1. Is your decision to be a single parent triggered by your past or future?
If it’s a life event that is pushing you to have a baby as a single parent – a birthday, a break-up, a parent getting ill, or a job change – think about your decision carefully because single parenting is not a quick fix or a distraction from ongoing emotional issues. It is a commitment for life. If, on the other hand, the parenting experience is what you want despite life events, single parenting is about your future and you are likely to be realistic about all that comes with it.

2. Is your focus on the advantages or disadvantages of going at it alone?
According to most of my single parent patients, the hard part of single parenting is not being able to share the daily responsibilities, chores, financial demands, and significant milestones with a partner.

But my patients recognize the advantages of being a single parent, too.

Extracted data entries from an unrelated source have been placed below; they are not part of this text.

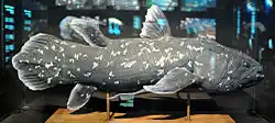 ![]() Konzervovaná latimérie podivná (Latimeria chalumnae) chycená roku 1974 u Komorských ostrovů. | |
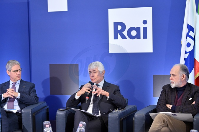 January 30, 2026, Rome. Rai. Press conference to present the XXV Olympic Winter Games Milan-Cortina. Pictured is Giampaolo Rossi, CEO of Rai, Andrea Abodi, Minister for Sport and Youth, and Paolo Petrecca, Director of RaiSport., Credit:Maria Laura Antonelli / Avalon
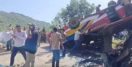 The cause of the accident was being ascertained, said the officials. The bus had turned turtle in the accident, and more details were awaited.
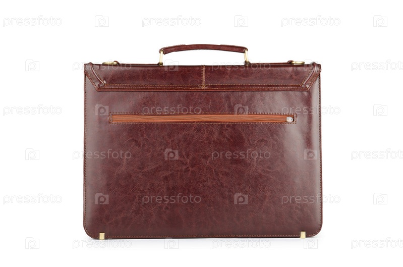 Кожаный портфель на белом фоне
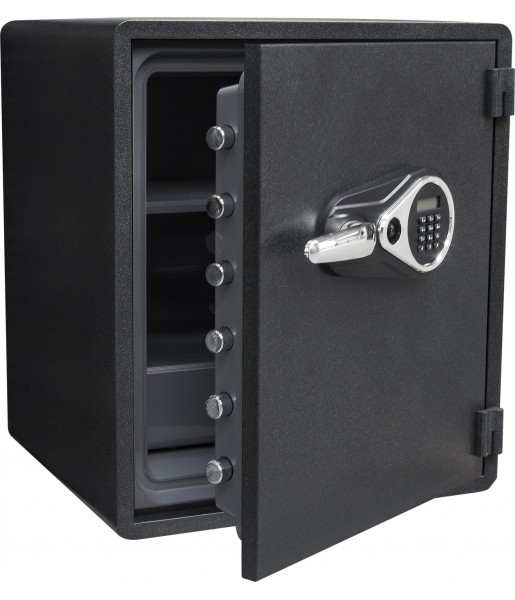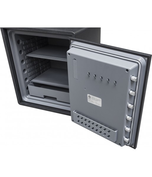 Le coffre-fort de sécurité ST-100 avec un volume intérieur de 43 L, est la solution idéale pour vous protéger contre le vol de vos objets de valeur. Son boitier en acier le rend presque impossible à fracturer grâce à sa porte de 5 mm d’épaisseur et à sa paroi ignifuge de 60 mm qui lui permet de résister jusqu’à 760°c maximum (ETL vérifiée).
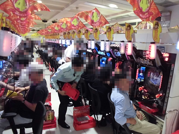 4円パチンコで、とくに活気づいていたのが「CRリング 終焉ノ刻」。思い描いていた通りの展開に、満面の笑みを浮かべるといったプレイヤーもみられた。
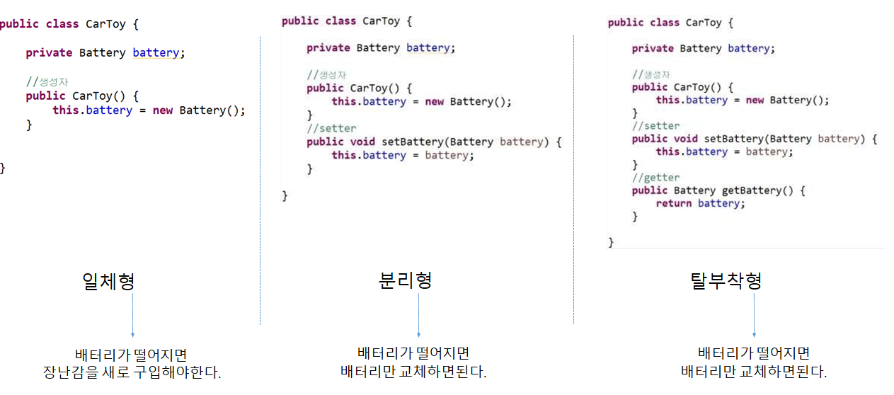 => 의존성 주입을 하지 않은 기존의 java를 사용할때는 이렇게 MainClass에서 처럼 생성자에 직접 객체를 넣어주어야한다.
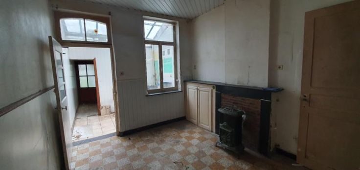 se composant : cave en 2 locaux sain, salon (+/-15 m²), salle à manger (+/- 13 m²), cuisine/véranda à rééquiper totalement, petite salle de bains à refaire. Etage 2 chambres (+/- 15 et 13 m²). Grenier aménageable (+/- 30 m²), doubles vitrages sur bois, jardinet fond limité par fil vert.
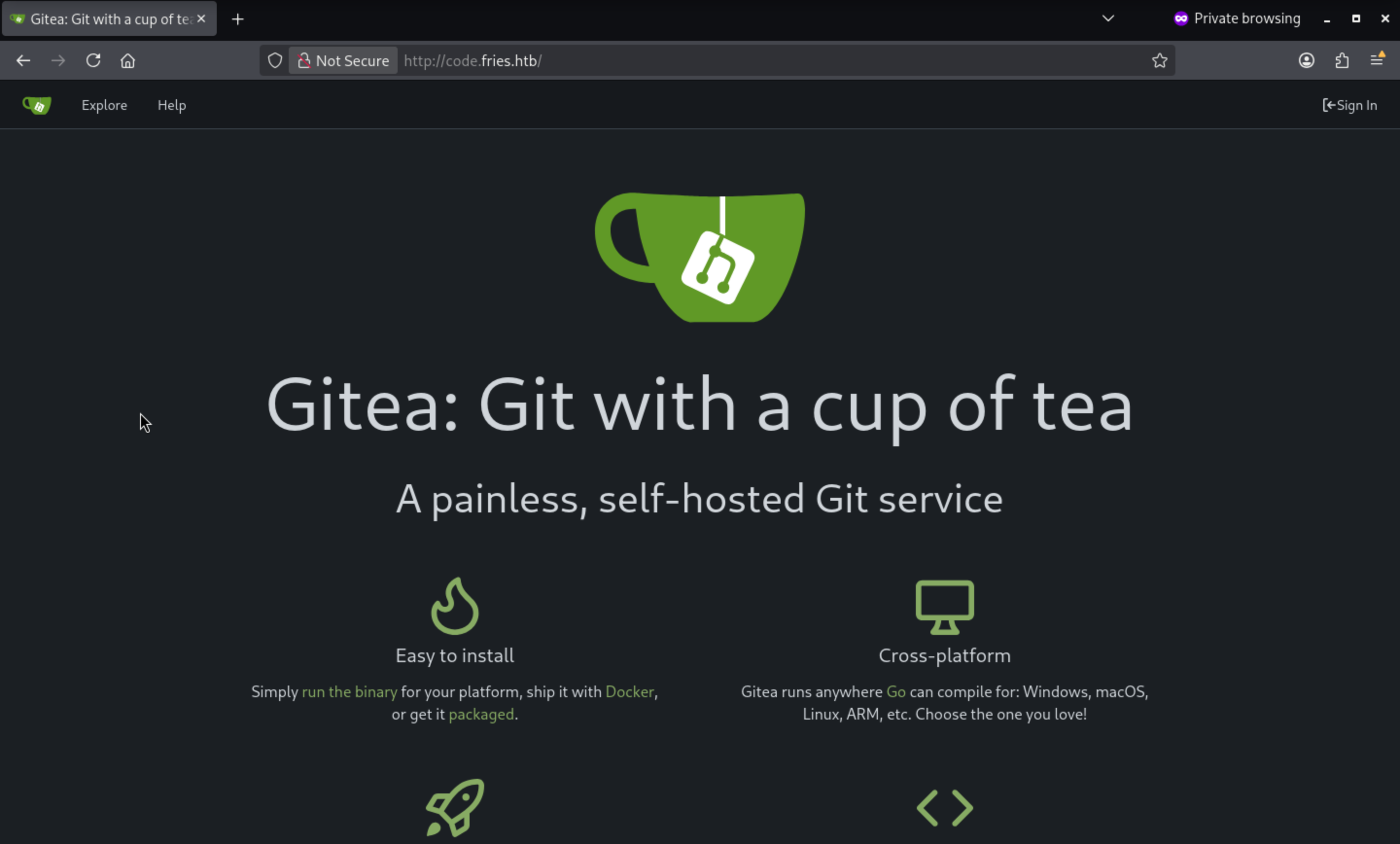 There is a giteaservice here from code.fries.htb

As a single parent, you have the freedom to act on new decisions and opportunities, like moving to a new city. You also have full control over the choice of your child’s schools, religion, and activities and can exercise your own parenting style. If you are single parenting by choice, you don’t have to worry about in-laws’ comments or stepchildren. If you are single parenting after a divorce, you probably have a few weekends each month to yourself because your child is visiting your ex.

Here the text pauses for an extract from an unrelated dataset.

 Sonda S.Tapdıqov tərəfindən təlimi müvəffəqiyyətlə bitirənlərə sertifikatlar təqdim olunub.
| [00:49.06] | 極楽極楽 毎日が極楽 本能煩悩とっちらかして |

3. Is the cost of being a single parent manageable for you?
Most surveys find that single parents say going at it alone financially is the toughest part of single parenting. The cost of having a child (hospital fees, IVF, delivery) and the costs after you give birth (baby sitters, food, toys) can add up quickly and significantly. Are you prepared? Will your lifestyle change drastically? Will you be able to continue to work at the same job? Do you want to? It’s not the demand of single parenting that’s usually the cause of stress; it’s that the price tag is often unanticipated! Be realistic rather than surprised, so your single parenting choice will be well-informed.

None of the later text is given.